Ergänzend stell ich mir das für die Lehrer, gerade bei den kleineren Kindern, schwierig vor, wie sie das bei ca. 15 Kindern (halbe Klasse) genau überwachen können, dass es alle richtig machen.Diese Selbsttests bergen in meinen Augen mindestens die Gefahr einer Scheinsicherheit.
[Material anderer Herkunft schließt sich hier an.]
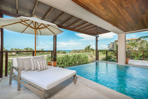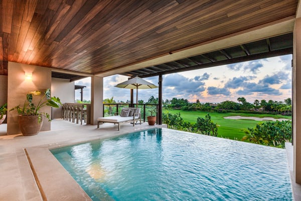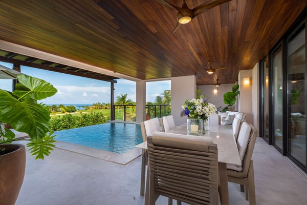 The Premier Golf Membership grants access to Pacifico Golf Course ($), Bahia Golf Course ($), the Tennis Centre ($), the Fitness Center ($), El Surf Club based on min. consumption fee ($), St.Regis Beach Club based on availability and min. consumption fee ($), Pacifico Beach Club, Sufí Ocean Club and Kupuri Beach Club. Contact one of our Villa Specialists for more information. Condo Ocaso Lindo is a professionally decorated ground-level condo that is part of the premier Las Marieta's condominium complex located behind the gates of the world-famous Punta Mita resort. At Condo Ocaso Lindo you can enjoy the beautiful views of lush vegetation, the oceanfront 18th hole of the Jack Nicklaus Bahia Course, and a stunning 180-degree Pacific Ocean view. While relaxing on the large outdoor terrace, take a dip in the lovely infinity pool, watch the spectacular sunsets and whales play from the condo's own sunset bar or visit our community lap pool and exercise facility conveniently located just next door. You will also delight in the high-end furnishings, comfortable beds and linens, and Premium Membership it holds to the Punta Mita development, this allowing you access to all the private beach clubs: Pacifico, Kupuri, Sufi Ocean and El Surf Club, as well as the two Jack Nicklaus golf courses, tennis courts, and fitness center. Whether your vacation is full of adventure and activity or one of extreme relaxation, your included personal concierge will assist you in making it a reality at Condo Ocaso Lindo.

So wenig tief, wie die Kids die Stäbchen laut Erklärvideo einzuführen haben, wurde das bei mir an drei verschiedenen Teststellen noch nicht gemacht. Von daher bin ich ob der Ergebnisse ein wenig skeptisch, wobei man ja offenbar auch so Infizierte findet. Es stellt sich durchaus die Frage von Kosten/Aufwand und Nutzen, aber es schärft die Sinne der Beteiligten immens nach meiner Wahrnehmung.
@öke Vor den Ferien war es in NRW freiwillig. Interessanterweise lag die Quote der Widersprüche gegen die Testung bei 10 - 15% in meiner Schule. Seitdem die Tests verpflichtend sind, nehmen aktuell nur 2% der Schüler*Innen nicht teil. Ja, mit Genderstern, wir haben einen Menschen mit Transidentität in der 10. Die 2% können sich aktuell aber nur auf die Abschlussklassen 10 beziehen, danur die in Präsenz im Haus sind. Offenbar ist der Präsenzunterricht für die Eltern in dieser Schule ein hohes Gut.Nachdem es in NRW vor den Ferien Tests gab, bei denen die Testflüssigkeit fertig portioniert in den Röhrchen war und man nur eben den Deckel abziehen musste, um das Stäbchen reinzuhalten, gibt es nun neue Tests von Siemens. Hier sind nur 9 "Stellplätze" in dem mitgelieferten Plastikteil enthalten, in die man die Röhrchen einstellen kann bei einer Anzahl von 20 Tests pro Packung. Zudem muss "man" genau 10 Tropfen der Flüssigkeit aus einer von mitgelieferten Tuben in die Röhrchen träufeln. Nimmt man versehentlich zu biel, reicht die Flüssigkeit nicht für alle Tests aus. Das ist eine sehr schwierige Aufgabe für kleinere Kinder und einige Lehrkräfte und irgendwie das neue Sinnbild für die Fehlplanungen bei der Testbeschaffung. Nachdem die Tests verspätet ankamen, findet man jetzt ein ziemlich unbrauchbar Test Kit vor, das vermutlich etwas günstiger war als das andere. Zudem behelfen sich jetzt die Schulen wahlweise mit Wäscheklammern und eilig gebauten Holzträgern zur Fixierung der Röhrchen, wenn die Flüssigkeit eingefüllt wird und das Stäbchen eingetunkt, denn das geht ohne Abstellen des Röhrchens mit 2 Händen sonst nicht so gut.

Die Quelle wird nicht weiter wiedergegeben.